Location
- Ashcombe Road Dorking, Surrey, RH4 1LY England 51°14′19″N 0°19′46″W﻿ / ﻿51.2387°N 0.3295°W

Information
- Type: Academy
- Established: 1976
- Trust: South East Surrey Schools Education Trust
- Department for Education URN: 143901 Tables
- Ofsted: Reports
- Headteacher: Chris Panting
- Gender: Coeducational
- Age: 11 to 18
- Enrolment: 1408
- Houses: 4 (Windsor, Stuart, Tudor, and York)
- Colours: Navy blue and red
- Website: www.ashcombe.surrey.sch.uk

= The Ashcombe School =

The Ashcombe School is a coeducational secondary school and sixth form located in Dorking in the English county of Surrey.

==History==
The Ashcombe School was established in 1976, by the merger of Dorking County Grammar School and Mowbray School. The co-educational Dorking County Grammar School had been founded in 1931 with the Amalgamation of the Dorking High School for Boys (1884–1930) and St.Martin's Church Of England High School for Girls opened in 1903. Mowbray Secondary Modern School for Girls opened on an adjacent site in 1953. The schools were close enough to share the school kitchen.

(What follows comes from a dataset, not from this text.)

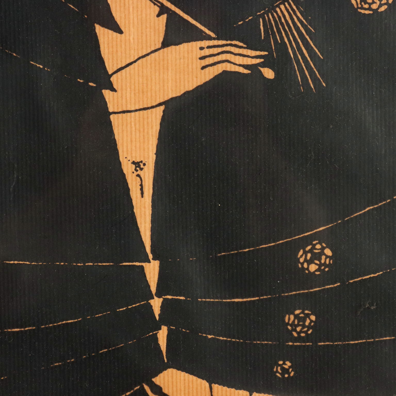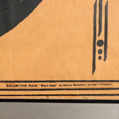 Stampa su carta. In basso la dicitura "Gallery Five PU4/IK - Black Cape by Audrey Beardsley - Printed in England". Si tratta di una riedizione degli anni '50-'60 a cura della galleria londinese di una delle illustrazioni liberty realizzate da Audrey Beardsley per il dramma teatrale di Oscar Wilde "Salomé: a tragedy in one act", scritto in francese nel 1891 da Oscar Wilde, pubblicato a Londra in inglese per la prima volta nel 1893 e uscito l'anno successivo corredato da sedici illustrazioni del giovane artista. Il genio irriverente di Wilde trovò piena risposta nei disegni di Beardsley: le elegantissime silhouette in bianco e nero di Beardsley sono l'esatta icona dello stile che il disegnatore e lo scrittore incarnavano, ovvero la figura del dandy che eleva se stesso e la sua vita ad opera d'arte, attraverso un egocentrico compiacimento della propria raffinatezza estetica. Le decorazioni piatte, asimmetriche, superficiali di Beardsley si proponevano in netto contrasto con il naturalismo trompe l'oeil, con tutto ciò che è volume o corpo plastico, con le forme massicce, pesanti, sovraccariche, con l'eccesso dei particolari, insomma con il gusto dell'epoca vittoriana matura. L'opera è presentata in cornice.

The Ashcombe School became a Specialist Language College in September 1998, allowing it to receive additional funding. It was featured in the Independent and the Guardian as a school that teaches Mandarin.

Previously a community school administered by Surrey County Council, in January 2017 The Ashcombe School converted to academy status. The school is now sponsored by the South East Surrey Schools Education Trust.

==Notable former pupils==
===Dorking High School for Boys===
- James Chuter Ede, Lord Chuter-Ede of Epsom, Labour MP and Home Secretary
- John Gandee, British diplomat; High Commissioner to Botswana from 1966 to 1969.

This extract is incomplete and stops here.